Türkiye Cumhuriyeti, 1923 yılında kurulduğunda, modern bir ulusun temelleri atılmaya başlanmıştı. Bu dönemde Atatürk ve arkadaşları, yalnızca bir devletin değil, aynı zamanda bir toplumun da yeniden inşa edilmesi gerektiğini düşünerek, kadın-erkek eşitliği gibi kavramlara önem vermişlerdir. Ancak, kadınlara seçme ve seçilme hakkının verilmesi, bu çabanın en önemli yapı taşlarından biri olarak öne çıkmaktadır. Türkiye'de kadınların seçme ve seçilme hakkı, Cumhuriyet’in ilanından sadece on bir yıl sonra, 1934 yılında yasalaşmıştır. Bu gelişme, yalnızca kadınların toplumdaki yeri açısından değil, aynı zamanda Türkiye’nin demokrasi yolundaki adımları açısından da büyük bir önem taşımaktadır.
Kadınların seçme ve seçilme hakkı, Türkiye'nin demokratikleşme sürecinde önemli bir yer tutar. Osmanlı İmparatorluğu döneminde kadınların toplumsal hayatta sınırlı bir yeri vardı. Ancak, Batı'daki kadın hakları hareketlerinin etkisiyle kadınların toplumdaki rolü giderek önem kazandı. Şöyle ki, 1913 yılında ilk kez Osmanlı İmparatorluğu'nda bazı kadınlar, Darülbedayi'de (İstanbul Şehir Tiyatrosu) sahne alarak toplumsal hayatta görünür hale gelmişlerdi. Fakat bu, siyasi alanda kadın haklarını elde etmek için atılan yalnızca bir ilk adımdı. Cumhuriyet'in ilanından sonra, Türkiye’de kadınların sosyal, ekonomik ve siyasi hakları konusunda önemli reformlar başlatıldı.

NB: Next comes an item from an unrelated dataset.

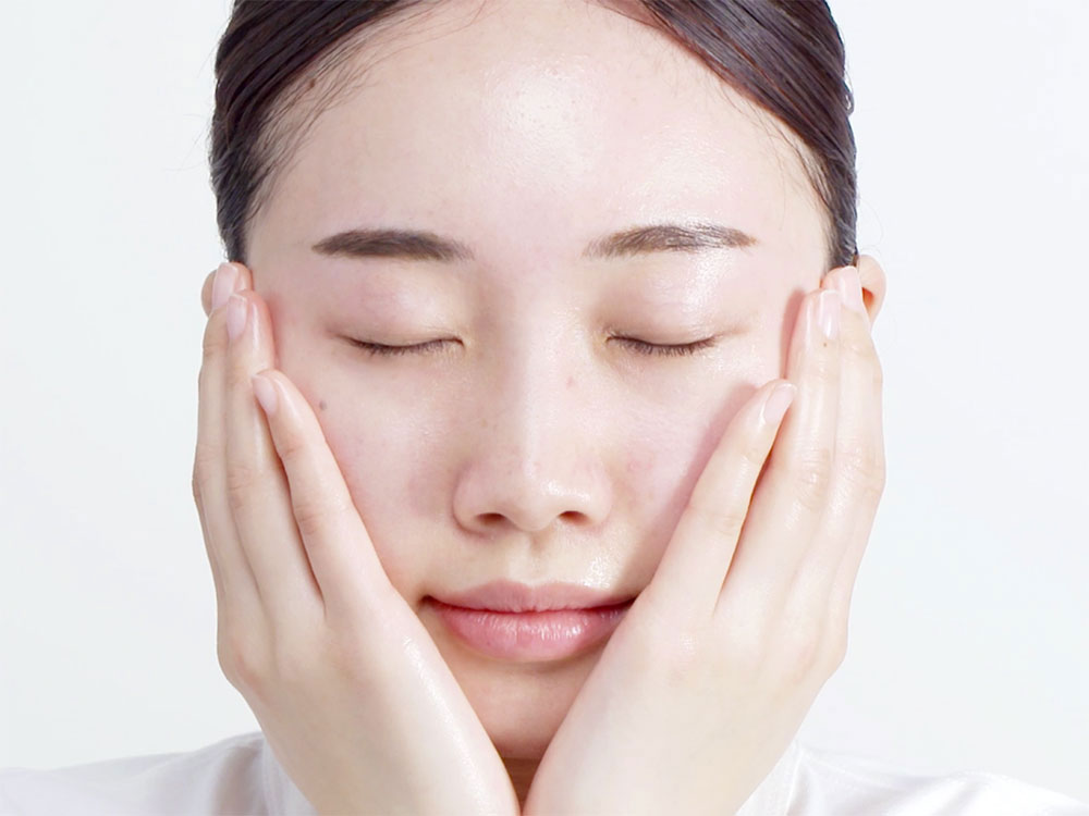 手のひら全体を使って肌を優しくおさえるようになじませます。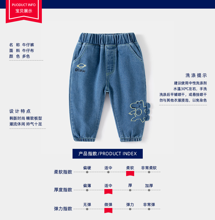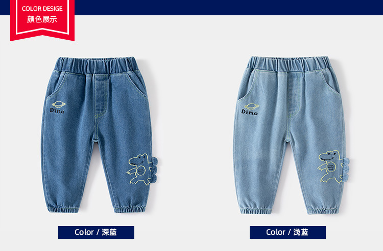 트렌디 한 프라이드 스트리트 봄 소년의 청바지 만화 공룡 패턴 청바지 캐주얼 미드 웨이스트 어린이 청바지스토어 가기

1930 yılında Türkiye, kadınların muhtar olarak seçilmesine izin veren bir yasayı yürürlüğe koydu. Bu yasayla, kadınlar ilk kez yerel yönetimlerde görev alabilir hale geldi. Ancak, pek çok kişi bunun yeterli olmadığını düşünüyordu. Bu bağlamda, kadınların oy verme ve seçilme hakkının elde edilmesi için bir dizi reform gerçekleştirildi. Nihayet 1934 yılında Türkiye Büyük Millet Meclisi tarafından kabul edilen önerge, kadınlara seçme ve seçilme hakkını tanıdı. Böylece, Türkiye, 1935'teki genel seçimlere kadın adaylarla katılan vatandaşlar arasındaki ülkelerden biri oldu. Bu gelişme, dünya çapında kadın hakları mücadelesinde de önemli bir adım olarak görüldü.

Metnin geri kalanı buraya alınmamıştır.